• [WORK INSTRUCTIONS]:
The listing below must be returned in full and unchanged, without the images it carries.

• [COLLECTED MATERIAL]:

※ ※ ※

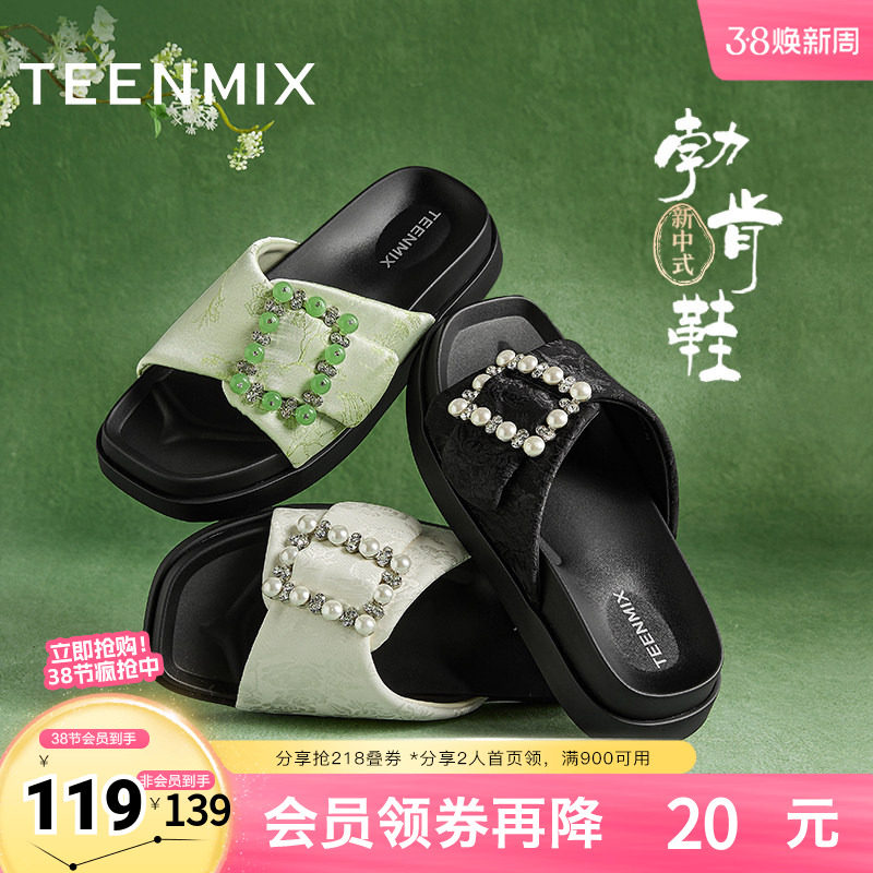 天美意一字拖新中式勃肯鞋厚底拖鞋女外穿休闲凉拖鞋新款
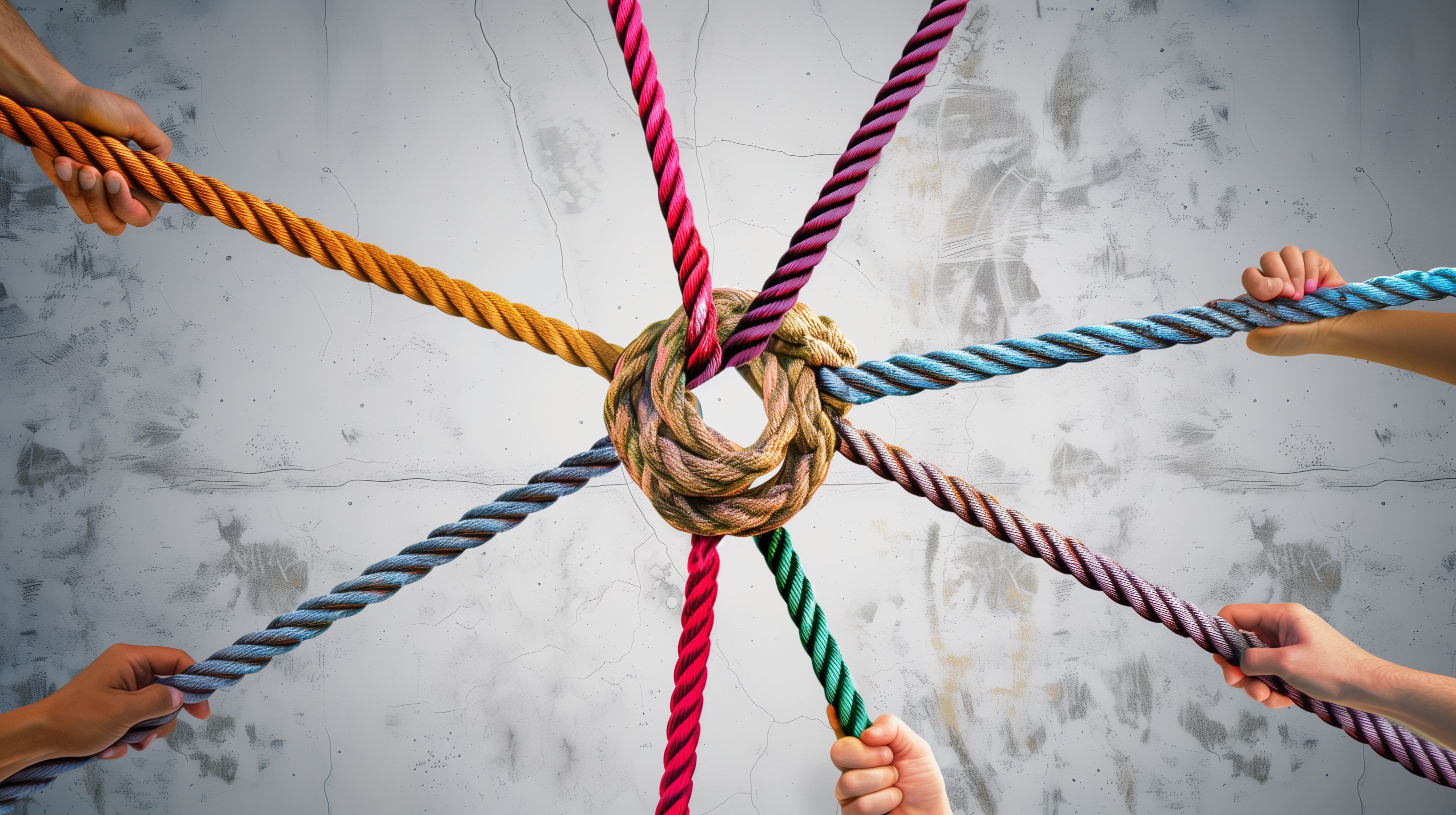 Dieses farbenfrohe Konzeptfoto zeigt die Zusammenarbeit eines Teams, das gemeinsam an einem Ziel arbeitet. Die Darstellung der verschiedenfarbigen Seile, die von mehreren Händen gehalten werden, symbolisiert die Vielfalt und den Zusammenhalt der Gruppe. Das Bild eignet sich hervorragend für den Einsatz in Blogbeiträgen, Werbekampagnen oder Newslettern zum Thema Teamarbeit, Kooperation und Zielerreichung. Als hochauflösendes Stockfoto unter Creative-Commons-Lizenz kann es kostenfrei für diverse Projekte verwendet werden.
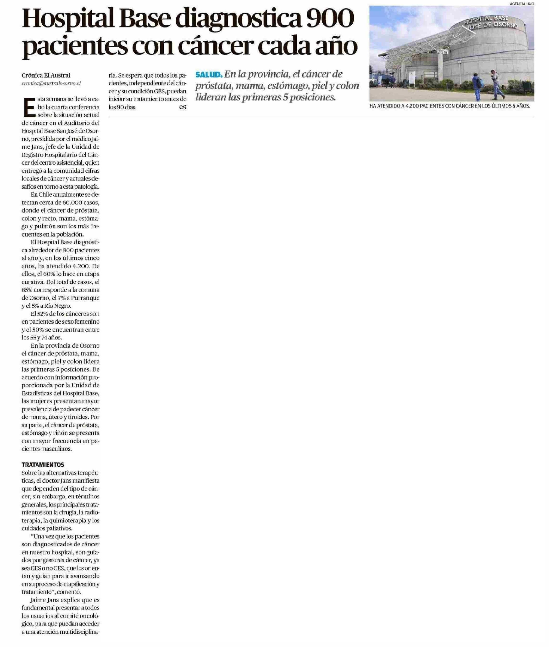 Hospital Base diagnostica 900 pacientes con cáncer cada año
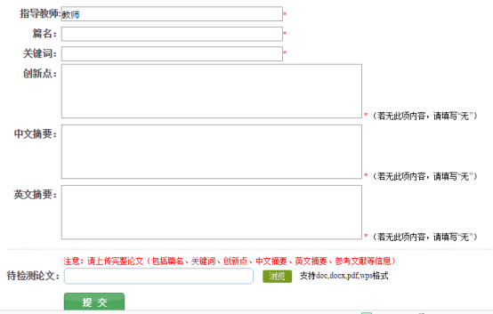 (4)登陆后,将篇名、关键词、创新点、中文摘要、英文摘要依次填写,并选中待检测的论文后,点击“提交”即完成 (指导教师不用选择,系统默认为教师)。

※ ※ ※

• [EXERCISE SOLUTION]:
 天美意一字拖新中式勃肯鞋厚底拖鞋女外穿休闲凉拖鞋新款
 Dieses farbenfrohe Konzeptfoto zeigt die Zusammenarbeit eines Teams, das gemeinsam an einem Ziel arbeitet. Die Darstellung der verschiedenfarbigen Seile, die von mehreren Händen gehalten werden, symbolisiert die Vielfalt und den Zusammenhalt der Gruppe. Das Bild eignet sich hervorragend für den Einsatz in Blogbeiträgen, Werbekampagnen oder Newslettern zum Thema Teamarbeit, Kooperation und Zielerreichung. Als hochauflösendes Stockfoto unter Creative-Commons-Lizenz kann es kostenfrei für diverse Projekte verwendet werden.
 Hospital Base diagnostica 900 pacientes con cáncer cada año
 (4)登陆后,将篇名、关键词、创新点、中文摘要、英文摘要依次填写,并选中待检测的论文后,点击“提交”即完成 (指导教师不用选择,系统默认为教师)。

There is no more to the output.